Along with the model definition, we will be defining two utility functions to simplify the training: forward() which will do one forward pass through the combined models and loss_fn() which will take the image and text embeddings output from forward() function and then calculate the loss using them.

def loss_fn(img_embed, text_embed, temperature=0.2):
    """
    https://arxiv.org/abs/2103.00020/
    """
    # Calculate logits, image similarity and text similarity
    logits = (text_embed @ img_embed.T) / temperature
    img_sim = img_embed @ img_embed.T
    text_sim = text_embed @ text_embed.T
    # Calculate targets by taking the softmax of the similarities
    targets = F.softmax(
        (img_sim + text_sim) / 2 * temperature, dim=-1
    )
    img_loss = (-targets.T * nn.LogSoftmax(dim=-1)(logits.T)).sum(1)
    text_loss = (-targets * nn.LogSoftmax(dim=-1)(logits)).sum(1)
    return (img_loss + text_loss) / 2.0

def forward(img, caption):
    # Transfer to device
    img = img.to('cuda')
    for k, v in caption.items():
        caption[k] = v.to('cuda')

    # Get embeddings for both img and caption
    img_embed = img_head(img_encoder(img))
    text_embed = text_head(text_encoder(caption))

    return img_embed, text_embed

In order for us to train, we will define the models, tokenizer and the optimizer to be used in the next section

# Define image encoder, image head, text encoder, text head and a tokenizer for tokenizing the caption
img_encoder = ImageEncoder(model_name=Config.img_encoder_model).to('cuda')
img_head = Head(Config.img_embed_dim, Config.projection_dim).to('cuda')

tokenizer = AutoTokenizer.from_pretrained(Config.text_encoder_model)
text_encoder = TextEncoder(model_name=Config.text_encoder_model).to('cuda')
text_head = Head(Config.text_embed_dim, Config.projection_dim).to('cuda')
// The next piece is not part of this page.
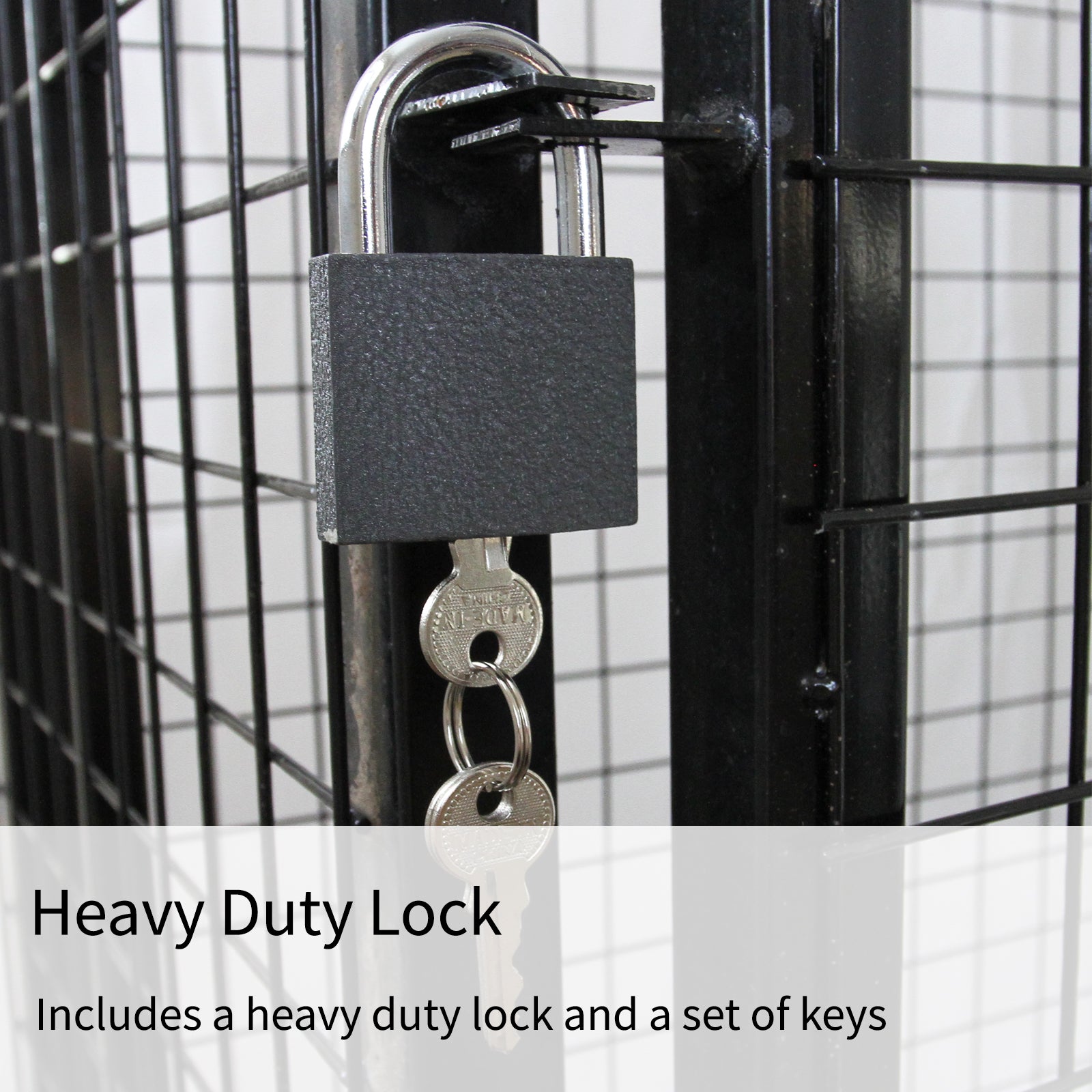 Tämä kestävä galvanoitu teräsverkkohäkki sopii täydellisesti kaasupullojen turvalliseen ja huolelliseen säilytykseen. Saranaovet tekevät siitä helposti käytettävän, ja tukeva lukko takaa maksimaalisen turvallisuuden. Siinä on jopa ilmainen "Varoitus"-kyltti!

# Since we our optimizing two different models together, we will define parameters manually
parameters = [
    {"params": img_encoder.parameters(), "lr": Config.img_enc_lr},
    {"params": text_encoder.parameters(), "lr": Config.text_enc_lr},
    {
        "params": itertools.chain(
            img_head.parameters(),
            text_head.parameters(),
        ),
        "lr": Config.head_lr,
    },
]

optimizer = torch.optim.Adam(parameters)

Training

Before we actually train the model, one last step remains: which is to initialize our Lance dataset and a dataloader.
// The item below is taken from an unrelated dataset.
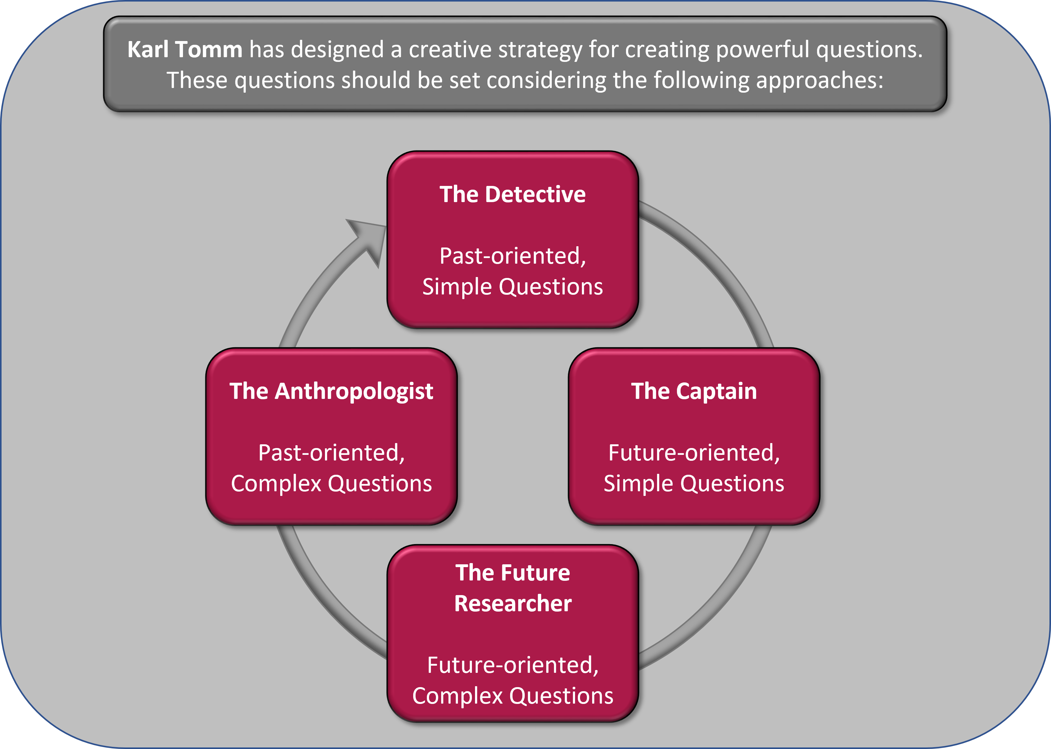 One can use Karl Tomm's model for asking powerful questions to the coachee. He has designed a creative strategy for creating powerful questions. These questions should be set considering the following approaches:

# We assume the flickr8k.lance dataset is in the same directory
dataset = CLIPLanceDataset(
    lance_path="flickr8k.lance",
    max_len=Config.max_len,
    tokenizer=tokenizer,
    transforms=train_augments
)

dataloader = DataLoader(
    dataset,
    shuffle=False,
    batch_size=Config.bs,
    pin_memory=True
)

Now that our dataloader is initialized, let’s train the model.

img_encoder.train()
img_head.train()
text_encoder.train()
text_head.train()

for epoch in range(Config.num_epochs):
    print(f"{'='*20} Epoch: {epoch+1} / {Config.num_epochs} {'='*20}")

    prog_bar = tqdm(dataloader)
    for img, caption in prog_bar:
        optimizer.zero_grad(set_to_none=True)

        img_embed, text_embed = forward(img, caption)
        loss = loss_fn(img_embed, text_embed, temperature=Config.temperature).mean()

        loss.backward()
        optimizer.step()

        prog_bar.set_description(f"loss: {loss.item():.4f}")
    print()

The training loop is quite self-explanatory. We set image encoder, image head, text encoder and text head models to training mode. Then in each epoch, we iterate over our lance dataset, training the model and reporting the lance to the progress bar.

==================== Epoch: 1 / 2 ====================
loss: 2.0799: 100%|██████████| 253/253 [02:14<00:00,  1.88it/s]

==================== Epoch: 2 / 2 ====================
loss: 1.3064: 100%|██████████| 253/253 [02:10<00:00,  1.94it/s]

And that’s basically it! Using Lance dataset for training any type of model is very similar to using any other type of dataset but it also comes with increased speed and ease of use!